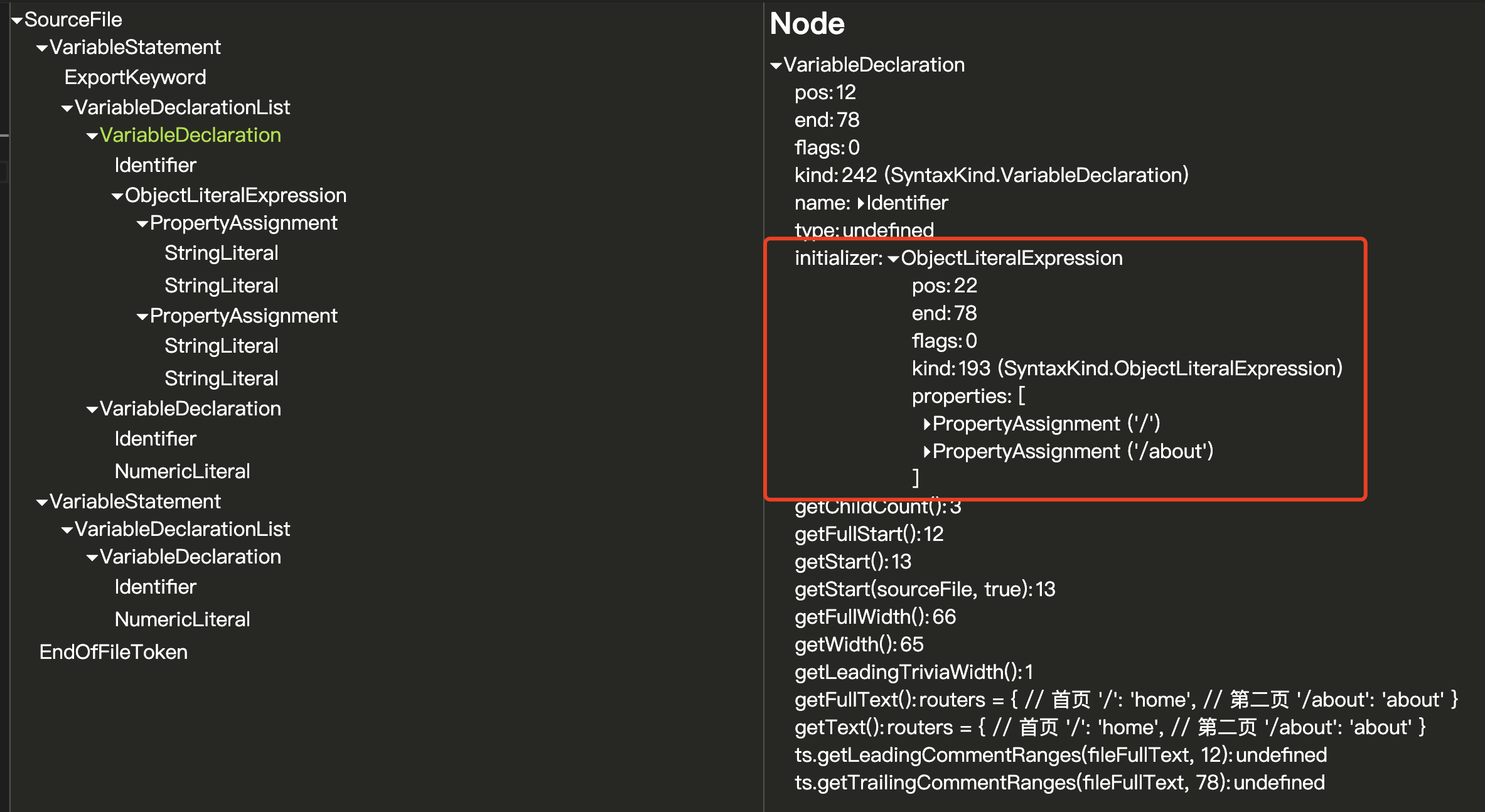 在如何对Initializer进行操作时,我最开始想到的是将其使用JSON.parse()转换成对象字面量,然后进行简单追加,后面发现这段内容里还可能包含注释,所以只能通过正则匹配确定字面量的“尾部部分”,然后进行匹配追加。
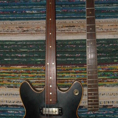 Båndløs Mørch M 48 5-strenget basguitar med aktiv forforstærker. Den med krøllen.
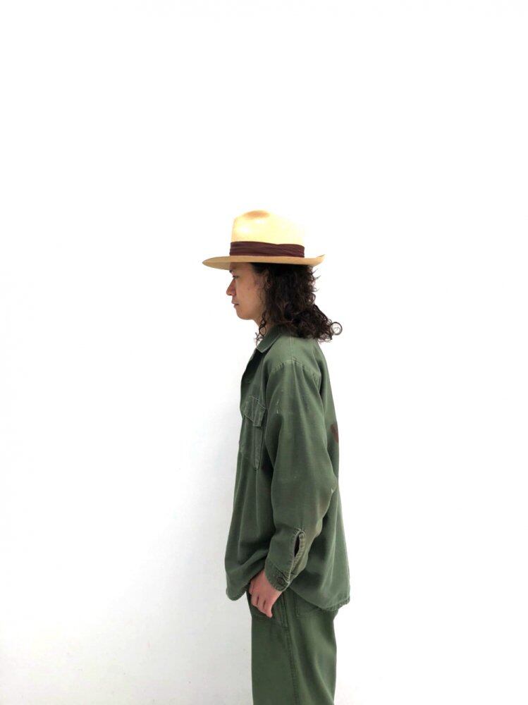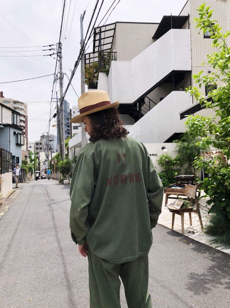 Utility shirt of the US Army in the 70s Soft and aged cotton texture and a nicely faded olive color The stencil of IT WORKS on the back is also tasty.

++++++++

_PROBLEM TO WORK ON_
Word for word, restate all of the material, omitting the images.

_SOLVED PROBLEM_
 在如何对Initializer进行操作时,我最开始想到的是将其使用JSON.parse()转换成对象字面量,然后进行简单追加,后面发现这段内容里还可能包含注释,所以只能通过正则匹配确定字面量的“尾部部分”,然后进行匹配追加。
 Båndløs Mørch M 48 5-strenget basguitar med aktiv forforstærker. Den med krøllen.
 Utility shirt of the US Army in the 70s Soft and aged cotton texture and a nicely faded olive color The stencil of IT WORKS on the back is also tasty.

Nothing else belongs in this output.